I know that you need to feed ground flax seeds - how far in advance do you grind them up and for how long do they stay fresh? I'm wondering if you could grind up a pound and keep it in a Tupperware container & it would stay fresh for a month or so?

Stacy


----------



## Jill (Dec 31, 2007)

Stac --

We keep the in use ground seed at least a month in a coffee can. I grind it all at once, but I put what we are not using into the freezer (ground and in coffee cans or plastic containers)






Jill


----------



## maestoso (Dec 31, 2007)

You can buy ground flax seed that doesn't go bad for a while.
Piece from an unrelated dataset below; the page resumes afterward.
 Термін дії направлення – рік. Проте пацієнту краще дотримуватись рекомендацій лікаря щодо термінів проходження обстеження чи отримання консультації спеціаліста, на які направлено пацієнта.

I don't know the science behind it but they "fix" it somehow so it can stay effective and not go bad in its ground state. I will find out where we get it and what company....


----------



## Crabby-Chicken (Dec 31, 2007)

Welcome Gina!

Glad you found Liz! She is awesome and can tell you just about anything about Rocket's family! He is pretty, haven't seen him since he was a baby. Glad you have him and love him! You will have to go and meet his relative Pyro! Woooo Weee you will love him.

-Kim

www.thecrabbychickenranch.com


----------



## Valerie (Dec 31, 2007)

Welcome to the forum family Gina!!

We hope to see you and Rocket at the shows in 2008......he is gorgeous!!


----------



## MiniHunterHorseFan (Dec 31, 2007)

I've used Gold as Sun for my 3 year old palomino Bodie. I thought I didn't notice a difference in color but that year he had no skin allergies and this year I didn't us Gold As Sun and he had allergies. So maybe it does help some. It sure smells good though, like nutmeg.
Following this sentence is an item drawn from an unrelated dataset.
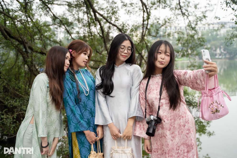 Các thiếu nữ chụp ảnh với áo dài ở hồ Hoàn Kiếm (Ảnh: Đỗ Ngọc Lưu).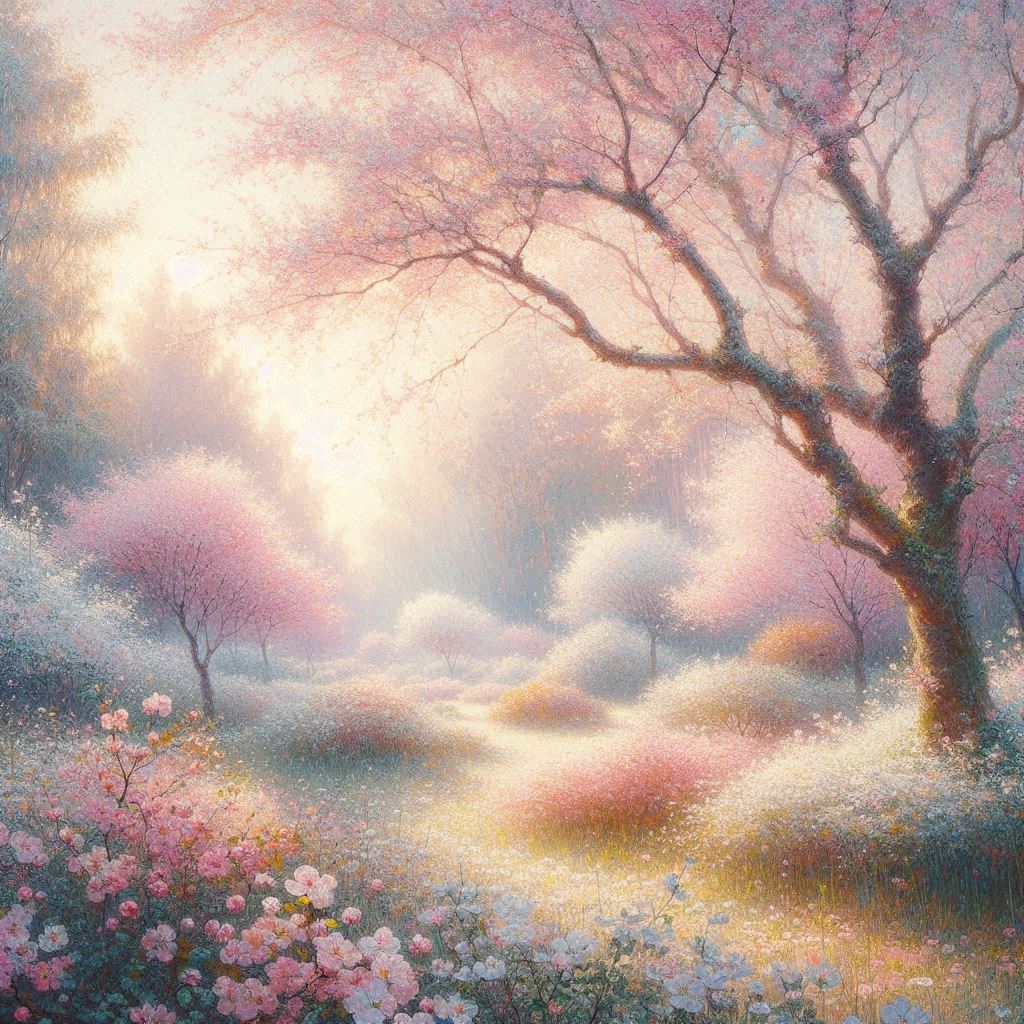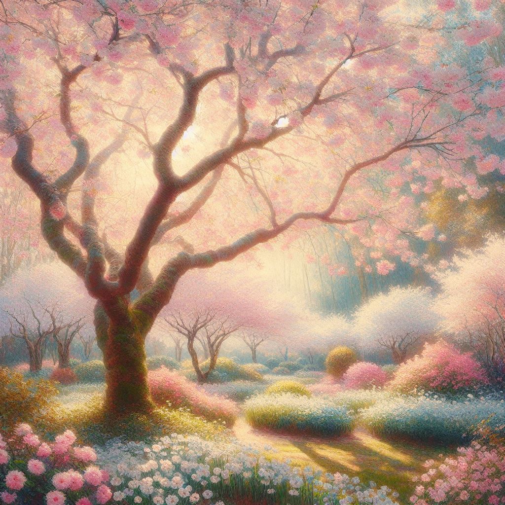 만개한 벚꽃 정원, 클로드 모네 인상주의 스타일로, 부드러운 아침 햇살, 파스텔 핑크와 화이트 색조, 야외 자연광, 플레인 에어 기법, 꽃잎이 흩날리는 효과

In the winter he is always cream white and when he is clipped he is that color, but in the summer his hair is gold. Also I have a friend who's pally darkens every year. So maybe yours will.


----------



## mgranch (Dec 31, 2007)

Thanks everyone for the great welcome and advise!! Jill, Derby is sooo cute!! I was so happy to see all the beautiful palomino pictures!! Kim and Valerie we hopefully will meet in 2008 at a show I would love to go see Pyro and meet Liz in person so hopefully will get up that way soon!! I think after reading what everyone had to say I'll try flax seed. Where do I buy it?? How much do I feed?? Is it good for all color horses?? I have four A sized minis from 30" to 34" and 200-280 lbs. Just for fun here's a pic of my Lily isn't she a doll??!!


----------



## Jill (Jan 1, 2008)

I use it on all my show horses, regardless of color. I get it at the feed store in a huge sack and grind it with a cheap $5 coffee grinder. Once ground, it will not keep as long as whole, so if you grind it all at once, freeze all but a large coffee can that you are currently using. It also helps horses to shed out in the spring.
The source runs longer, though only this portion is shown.